Gao Xiang <hsiangkao@xxxxxxxxxxxxxxxxx> · Tue, 27 May 2025 20:08:30 +0800

Hi David,

On 2025/5/27 19:17, David Sterba wrote:
On Tue, May 27, 2025 at 10:32:00AM +0800, Gao Xiang wrote:

On 2025/5/8 12:19, Eric Biggers wrote:

...

BTW, I also have to wonder why this patchset is proposing accelerating zlib
instead of Zstandard.  Zstandard is a much more modern algorithm.

I think simply because QAT doesn't support the Zstandard native offload.
At least, for Intel Xeon Sapphire Rapids processors (it seems to have
built-in QAT 4xxx), only LZ4 and deflate-family are natively supported.

I've confirmed that SPR QAT deflate hardware decompresion already surpasses
LZ4 software decompression on our cloud server setup, which is useful since
it greatly improves decompression performance (even compared to software LZ4)
and saves CPU overhead completely.

Does this measure the overall time of decompression (including the setup
steps, like the scatter/gather or similar, allocating requests, waiting
etc)?. Comparing that to the library calls plus the input page iteration.
I haven't found any public benchmarks with the QAT enabled compression.
I'm interested how it's benchmarked because we'v had people pointing out
that LZ4 itself is very fast, but when the overhead is taken into
account it's reducing the overall performance. Thanks.
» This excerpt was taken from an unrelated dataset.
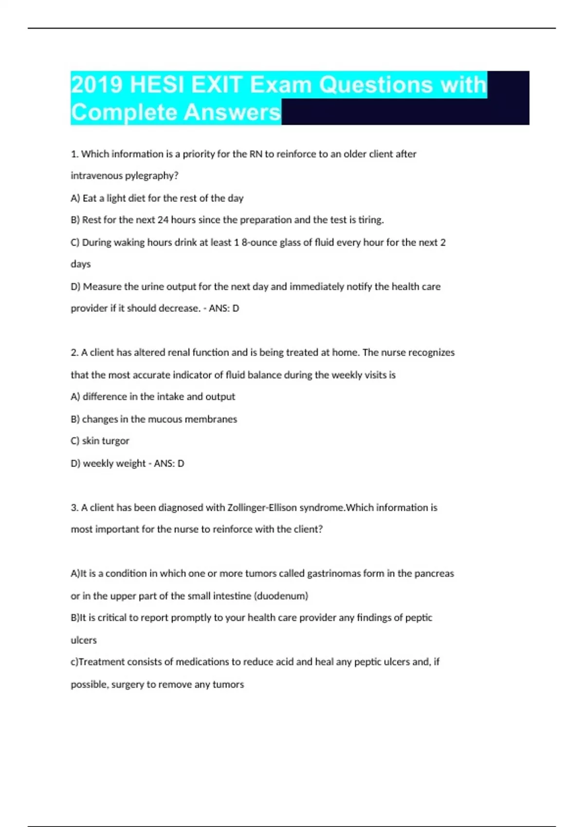 2019 HESI EXIT Exam Questions with Complete Answers 1. Which information is a priority for the RN to reinforce to an older client after intravenous pylegraphy? A) Eat a light diet for the rest of the day B) Rest for the next 24 hours since the preparation and the test is tiring. C) During waking hours drink at least 1 8-ounce glass of fluid every hour for the next 2 days D) Measure the urine output for the next day and immediately notify the health care provider if it should decrease. - ANS: D 2. A client has altered renal function and is being treated at home. The nurse recognizes that the most accurate indicator of fluid balance during the weekly visits is A) difference in the intake and output B) changes in the mucous membranes C) skin turgor D) weekly weight - ANS: D 3. A client has been diagnosed with Zollinger-Ellison syndrome.Which information is most important for the nurse to reinforce with the client? A)It is a condition in which one or more tumors called gastrinomas form in the pancreas or in the upper part of the small intestine (duodenum) B)It is critical to report promptly to your health care provider any findings of peptic ulcers c)Treatment consists of medications to reduce acid and heal any peptic ulcers and, if possible, surgery to remove any tumors D)With the average age at diagnosis at 50 years the peptic ulcers may occur at unusual areas of the stomach or intestine - ANS: B 4. A primigravida in the third trimester is hospitalized for preeclampsia. The nurse determines that the client's blood pressure is increasing. Which action should the nurse take first? A) Check the protein level in urine B) Have the client turn to the left side C) Take the temperature D) Monitor the urine output - ANS: B 5. The nurse is caring for a client in atrial fibrillation. The atrial heart rate is 250 and the ventricular rate is controlled at 75. Which of the following findings is cause for the most concern? A) Diminished bowel sounds B) Loss of appetite C) A cold, pale lower leg D) Tachypnea - ANS: C 6. The client with infective endocarditis must be assessed frequently by the home health nurse. Which finding suggests that antibiotic therapy is not effective, and must be reported by the nurse immediately to the healthcare provider? A) Nausea and vomiting B) Fever of 103 degrees Fahrenheit (39.5 degrees Celsius) C) Diffuse macular rash D) Muscle tenderness - ANS: B 7. A client who had a vasectomy is in the post recovery unit at an outpatient clinic. Which of these points is most important to be reinforced by the nurse? A) Until the health care provider has determined that your ejaculate doesn't contain sperm, continue to use another form of contraception. B)This procedure doesn't impede the production of male hormones or the production of sperm in the testicles. The sperm can no longer enter your semen and no sperm are in your ejaculate. C) After your vasectomy, strenuous activity needs to be avoided for at least 48 hours. If your work doesn't involve hard physical labor, you can return to your job as soon as you feel up to it. The stitches generally dissolve in seven to ten days. D)The health care provider at this clinic recommends rest, ice, an athletic supporter or over-the-counter pain medication to relieve any discomfort. - ANS: 1. Which information is a priority for the RN to reinforce to an older client after intravenous pylegraphy? A) Eat a light diet for the rest of the day B) Rest for the next 24 hours since the preparation and the test is tiring. C) During waking hours drink at least 1 8-ounce glass of fluid every hour for the next 2 days D) Measure the urine output for the next day and immediately notify the health care provider if it should decrease. - ANS: D 2. A client has altered renal function and is being treated at home. The nurse recognizes that the most accurate indicator of fluid balance during the weekly visits is A) difference in the intake and output B) changes in the mucous membranes C) skin turgor D) weekly weight - ANS: D 3. A client has been diagnosed with Zollinger-E

Yes, EROFS already supports QAT end-to-end since the ongoing Linux 6.16:

Processor: Intel(R) Xeon(R) Platinum 8475B (192 cores)
Memory: 512 GiB
Dataset: enwik9
Test command: fio --filename=enwik9 -rw=read -readonly -bs=4k -ioengine=psync -name=job1

1) $ mkfs.erofs -zdeflate -C1048576 enwik9.dfl enwik9
   $ echo qat_deflate > /sys/fs/erofs/accel
   READ: bw=662MiB/s (694MB/s), 662MiB/s-662MiB/s (694MB/s-694MB/s), io=954MiB (1000MB), run=1440-1440msec
   $ echo >  /sys/fs/erofs/accel
   READ: bw=381MiB/s (400MB/s), 381MiB/s-381MiB/s (400MB/s-400MB/s), io=954MiB (1000MB), run=2500-2500msec

2) $ mkfs.erofs -zlz4hc -C1048576 enwik9.lz4 enwik9
   READ: bw=541MiB/s (568MB/s), 541MiB/s-541MiB/s (568MB/s-568MB/s), io=954MiB (1000MB), run=1762-1762msec

However, my current test case that the cloud disk is slow (I use the cheapest
cloud disk setup because it will be used for rootfs and container images), so
the overall e2e is I/O bound instead of CPU bound, so in that case since
deflate can compress better (so can save more disk I/Os), it can surpass the
LZ4 one (because even LZ4 is faster but cost more I/Os due to large image).

If the storage/CPU combination is CPU bound, I think it could have different
results anyway.

Thanks,
Gao Xiang